**Exercise requirements**
Copy down every line of the data that follows exactly. Omit the pictures.

**Supplied material**
###
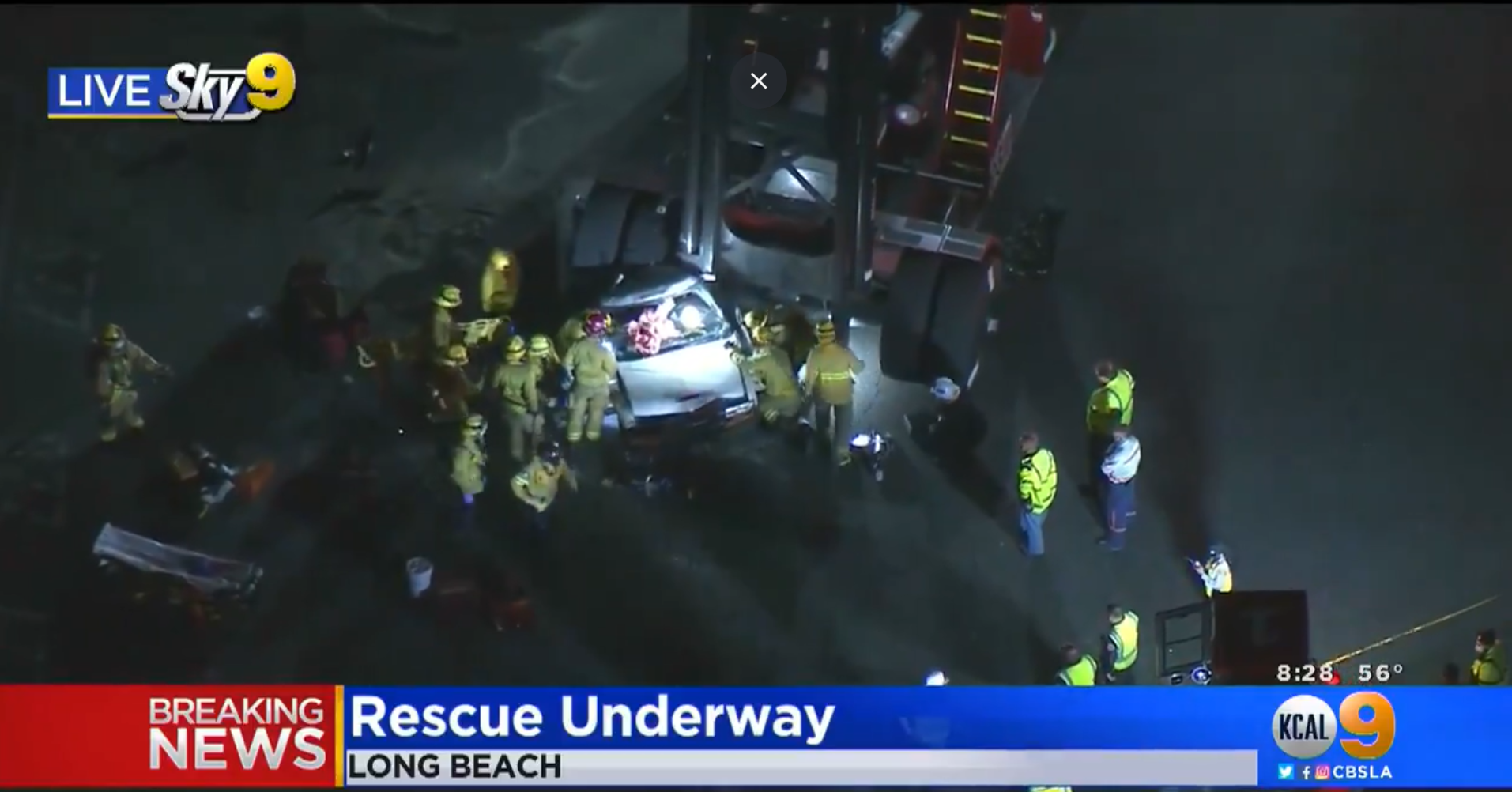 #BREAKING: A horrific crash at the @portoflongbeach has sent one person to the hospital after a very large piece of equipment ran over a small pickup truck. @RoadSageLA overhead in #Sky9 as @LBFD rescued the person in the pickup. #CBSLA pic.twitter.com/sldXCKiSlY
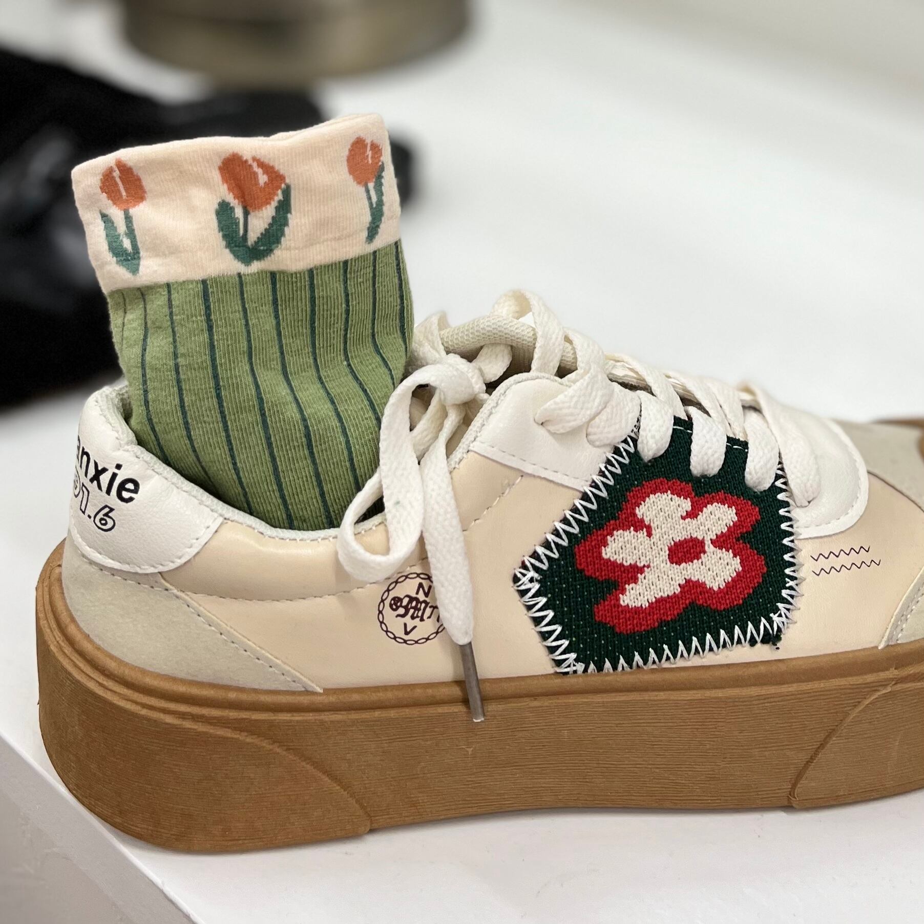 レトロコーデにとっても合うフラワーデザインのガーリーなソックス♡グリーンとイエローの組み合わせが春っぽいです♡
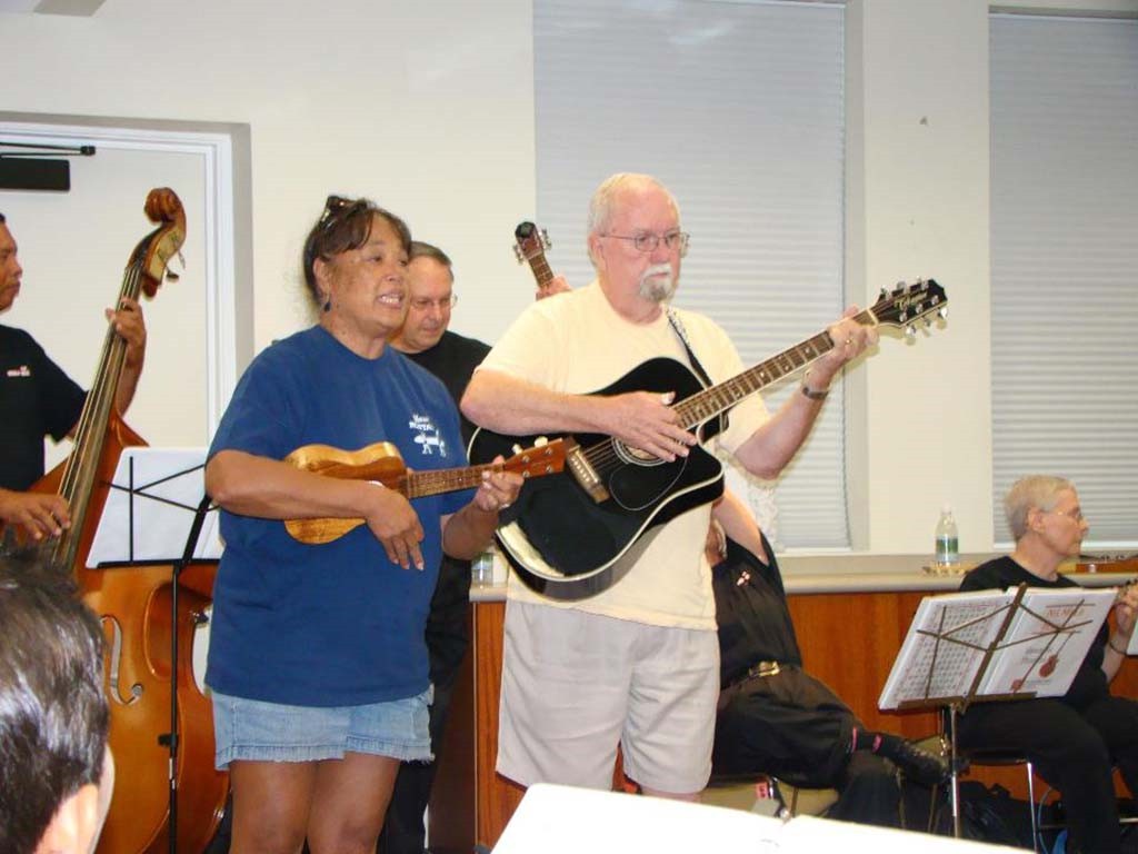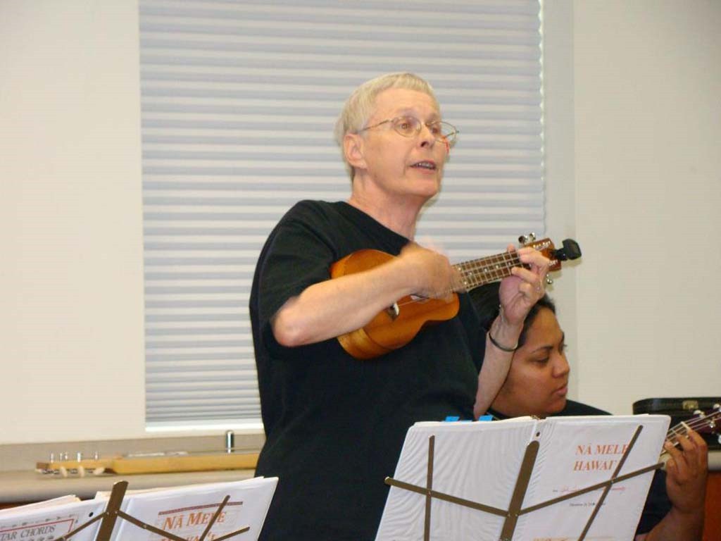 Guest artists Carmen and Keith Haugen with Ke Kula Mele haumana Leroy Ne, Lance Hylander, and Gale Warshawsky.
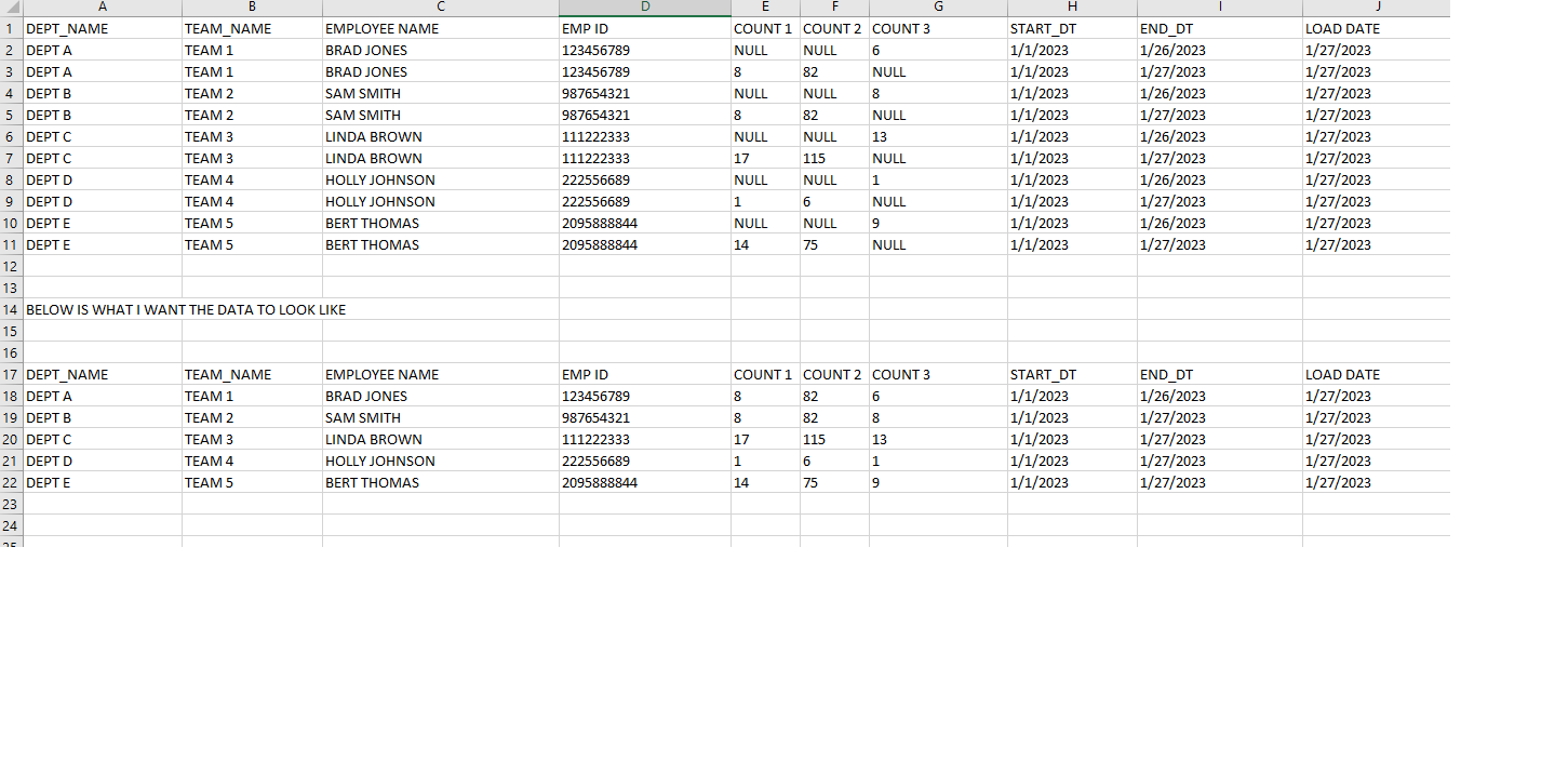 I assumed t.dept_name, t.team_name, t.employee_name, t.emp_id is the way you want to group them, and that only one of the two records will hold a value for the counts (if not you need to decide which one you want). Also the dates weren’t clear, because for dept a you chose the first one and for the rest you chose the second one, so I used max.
###
**Task result**
 #BREAKING: A horrific crash at the @portoflongbeach has sent one person to the hospital after a very large piece of equipment ran over a small pickup truck. @RoadSageLA overhead in #Sky9 as @LBFD rescued the person in the pickup. #CBSLA pic.twitter.com/sldXCKiSlY
 レトロコーデにとっても合うフラワーデザインのガーリーなソックス♡グリーンとイエローの組み合わせが春っぽいです♡
 Guest artists Carmen and Keith Haugen with Ke Kula Mele haumana Leroy Ne, Lance Hylander, and Gale Warshawsky.
 I assumed t.dept_name, t.team_name, t.employee_name, t.emp_id is the way you want to group them, and that only one of the two records will hold a value for the counts (if not you need to decide which one you want). Also the dates weren’t clear, because for dept a you chose the first one and for the rest you chose the second one, so I used max.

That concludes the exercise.